Water vapour condenses around them, tiny droplets form and the fluffy billows of the sky emerge.
So what does this ocean-coloured scene have to do with a warming planet?
Well, researchers say that the type of clouds produced from sea gas and plankton particles, especially in the Southern Ocean, are not your common or garden cumulus.
Clouds reflect sunlight back into space depending on the size of the droplets and the amount of liquid suspended in them.
The more liquid that is suspended in the cloud, the brighter and more reflective they are - swotty philosophers of the skies!
The experts have long understood that in winter, when seas are stormy and the spray is flying, there will be more of these types of droplets and thus more sun bounced back into space.
In the balmy, calm of summer at sea they expected the clouds to be far less reflective.
They were astonished to discover that, in the Southern Ocean, this was not the case at all.
In fact they concluded that the plankton particle effect was strongest in the warmer months - on average they found that ocean life doubled the number of droplets in summer.
"The amount of sunlight that's reflected by those clouds in this region is about 125 watts per metre squared," said co-author Dr Susannah Burrows, from the US Department of Energy's Pacific Northwest National Laboratory.
"What we're finding is evidence for a change in that reflectivity of 10 watts per metre squared, that would be attributed to the phytoplankton - so about 8% of the reflection of sunlight on those clouds."

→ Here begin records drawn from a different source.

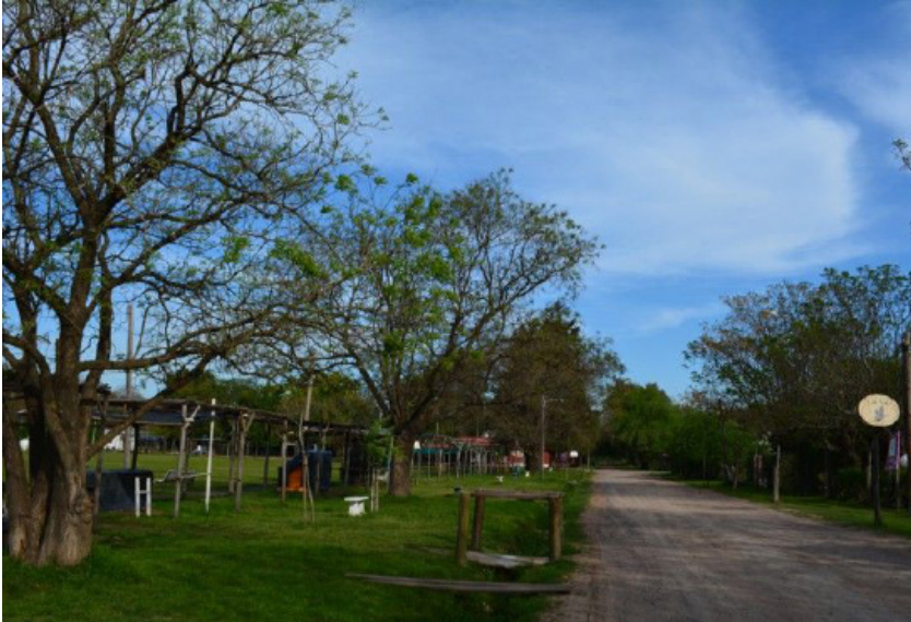
Plaza de Tomás Jofré durante un día de semana.

mana, pudiendo duplicar esta cifra en el inicio de la primavera o sextuplicarla en las fiestas populares que organiza el municipio 2 .
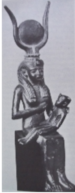
Fig.2 : La déesse Isis allaité Horus.

G.Posener, S.Sauneron et J.Yoyotte, Dictionnaire de la civilisation égyptienne , Paris, 1988, p. 140.
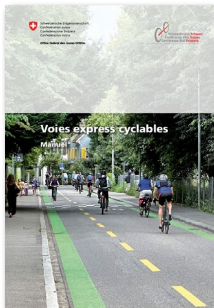
Le manuel aide à la planification et à la mise en œuvre de liaisons cyclables de qualité

Les contenus prescrits par la loi sur les voies cyclables et précisés dans le guide pratique « Planification des réseaux de voies cyclables » revêtent également une importance particulière pour l'application métier pour la mobilité douce (FA LV). C'est pourquoi l'OFROU souhaite s'assurer, avec ce lot de travail, que les contenus de la planification du réseau sont représentés de manière appropriée pour les cantons dans l'application métier du modèle de géodonnées. Aucun travail n'a été effectué dans ce cadre en 2025. Le contrat a expiré en 2025 et a été prolongé jusqu'au 30 juin 2027.
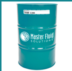
Fût de 54 gallons (204 l) SKU: C390-54G UPC-12: 641238075738
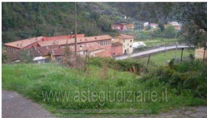
FOTO 05 - VEDUTA PORZIONE MAPPALE 710

Luogo Toscana, Pescia https://www.annunci.it/x-479349-z
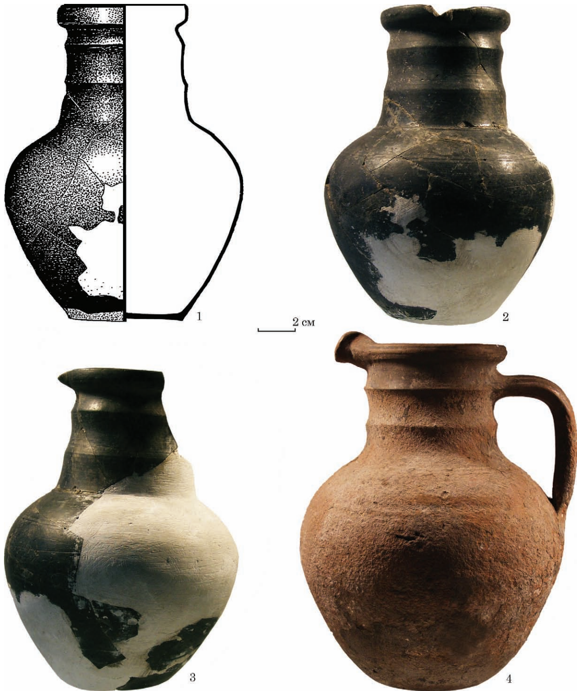
Рис. 2. Керамічний посуд: 1—3 — Кут, к. 1, насип; 4 — Новогригорівка, к. 1, п. 22

ки, що імітують канелюри (рис. 3: 1). Поверхня вкрита чорним матовим лаком. Діаметр вінець 9,2 см, піддону 4,2 см, висота посудини 9,7 см.
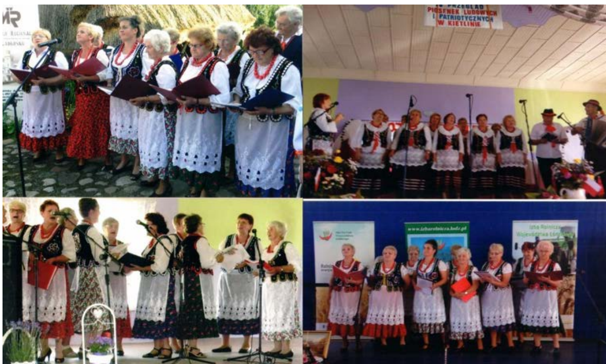
Występy zespołu wokalnego „od A do Z” działającego przy Stowarzyszeniu Kobiet Kieźlina

"It is quite a bit!" she said.
Brightening the clouds
So can this new understanding of the role of sea smells and clouds make a difference to global warming?
Well, yes, say the researchers but not necessarily in the ways you might think.
The scientists are excited about the findings because for the first time it gives them a clue about the total number of aerosols that are up in the air over the Southern Ocean.
But could this new understanding give a boost to ideas about geo-engineering our way out of warming hell?
In recent years a number of researchers have suggested that brightening the clouds could be a low-impact way of cooling the planet.
Does this Southern Ocean research make this a more feasible prospect?
"In principle it is possible to strongly modify and brighten marine clouds by injecting particles into the marine atmosphere," says Dr Burrows.
"But I think whether or not that's a good idea is really a political question that needs to be discussed within society."
Something to mull over while lying on the beach with the sea air in your nostrils.